Birth of the Seanéma (Sasithorn Ariyavicha, 2004, 70mins)
Sasithorn edited this black and white silent film from many hours of footage she shot on DV looking intensely at Bangkok streets, aerial views, the shoreline, lapping waves, gestures, figures and faces. An invented alphabet inscription accompanies the film’s slow gliding rhythm. The arrangement of letters and the layering of images tells a fable of the sea as the milieu of all the memories of all the world’s beings. In an interview with film academic and writer Graiwoot Chulphongsathorn shortly after the film’s completion, the artist says of her approach to filmmaking, “I eventually realised that a viable method for me is to record an archive of images first and then subsequently turn those images into film. It’s a process of filmmaking that isn’t determined by a preconceived story or a narrative.
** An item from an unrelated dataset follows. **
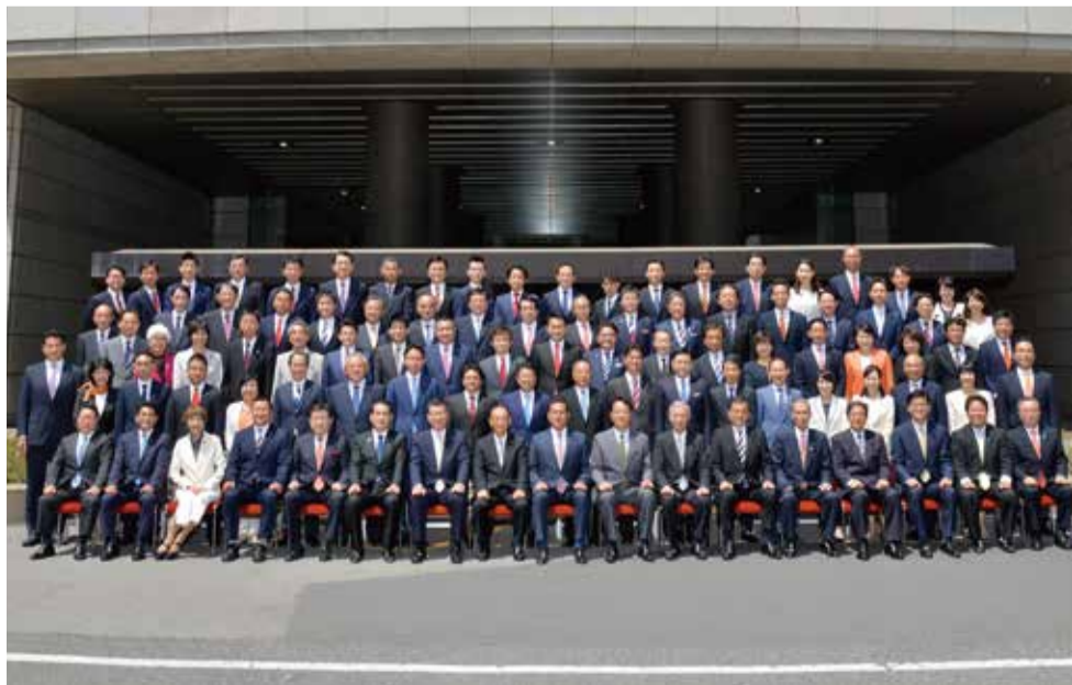
埼玉県議会議員全93名(令和元年5月17日議事堂前撮影)

The form of the film is determined by my affective response to the surrounding, the milieu, which then becomes film image. For this reason I have to be behind the camera myself. I’m directly relating and communicating with the particular environment I’m in, doing so primarily with the affective images I make.”
Curated by May Adadol Ingawanij
Artists
The Migrant Ecologies Project was founded in 2009 as an umbrella for collaborative, transdisciplinary inquiries into questions of art, ecology and more than human connections, primarily but not exclusively in Southeast Asia.
Lucy Davis is a visual artist, art writer and founder of The Migrant Ecologies Project. Her transdisciplinary practice encircles plant genetics, tree lore and bird song as well as art/science, naturecultures, memory, materiality, narrative environments, and pyscho-ecologies of resilience. She is currently Professor of Artistic Practices in Visual Cultures, Curating and Contemporary Art at Aalto University, Finland where she serves as Deputy Head of the programme.
Sasitorn Arayavicha is an artist-filmmaker based in Thailand. Her body of work was recently the subject of a retrospective at the 7th Bangkok Experimental Film Festival (2025).